Ironically, the recession which had been causing PSFS' (and the rest of the banking industry's) most recent losses had actually ended just a few weeks earlier with the election of a new president, Bill Clinton. And literally within days of PSFS's seizure, virtually every leading indicator of economic activity turned up. It is no secret, of course, that since then, bank and thrift stocks (to say nothing of the economy in general) have gone through the roof during nearly nine of what have been the most prosperous years in our country's history.

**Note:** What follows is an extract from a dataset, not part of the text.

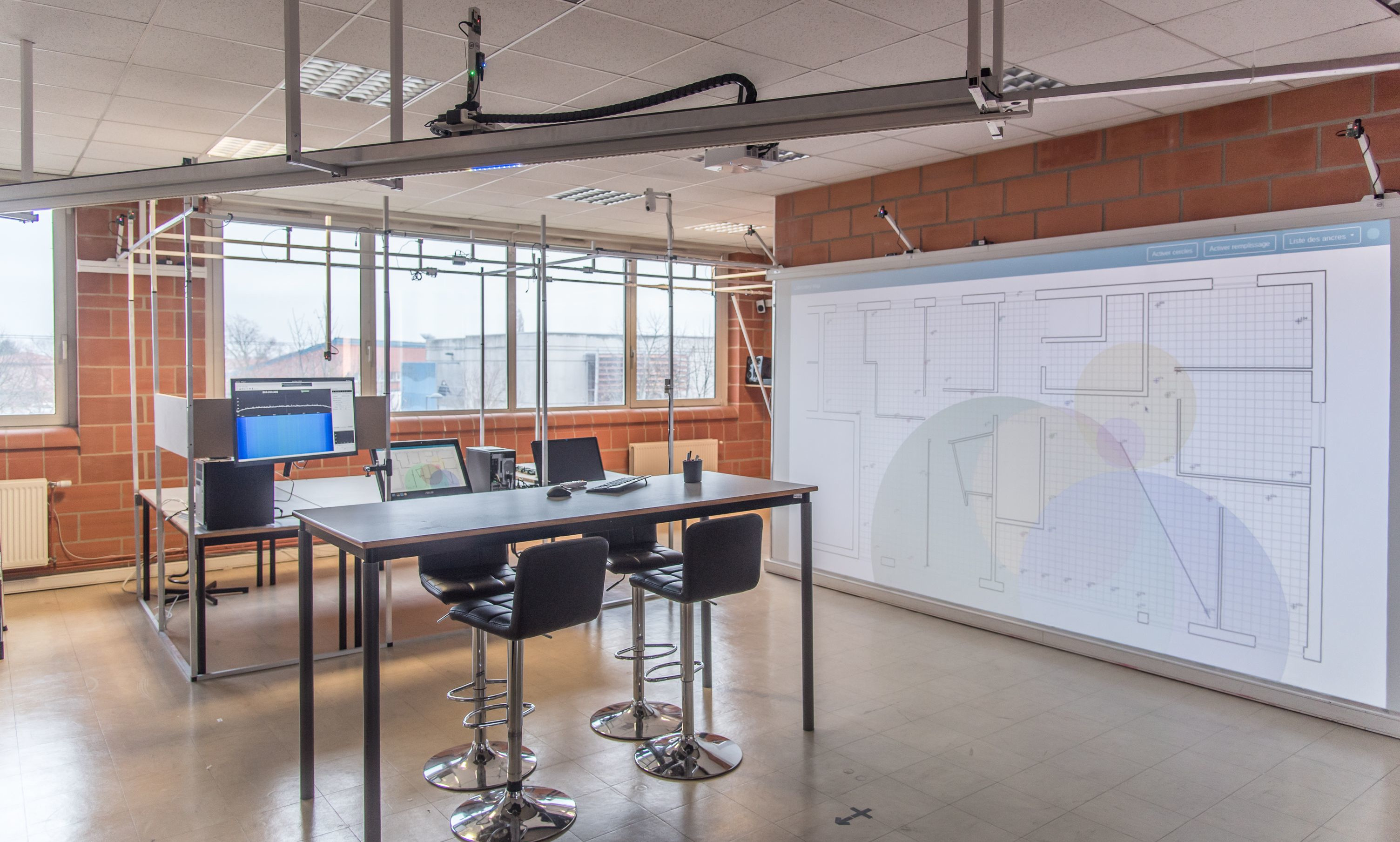 When the researcher/testbed user is on site, he benefits from several devices for viewing the results in real-time thanks to a 4m wide screen and a virtual reality headset.

As just one example, the nearby Wilmington Savings Fund Society ("WSFS"), which was itself on the brink of seizure by the FDIC; whose tangible capital had dipped as low as $6 million, and whose stock could be had at under $1.50 per share in the early 1990's, has traded as high as $60 since that time. In the meantime, however, Meritor shareholders have been waiting for the resolution of a lawsuit filed against the FDIC nearly 14 years ago by Frank P. Slattery, a former member of the bank's board of directors.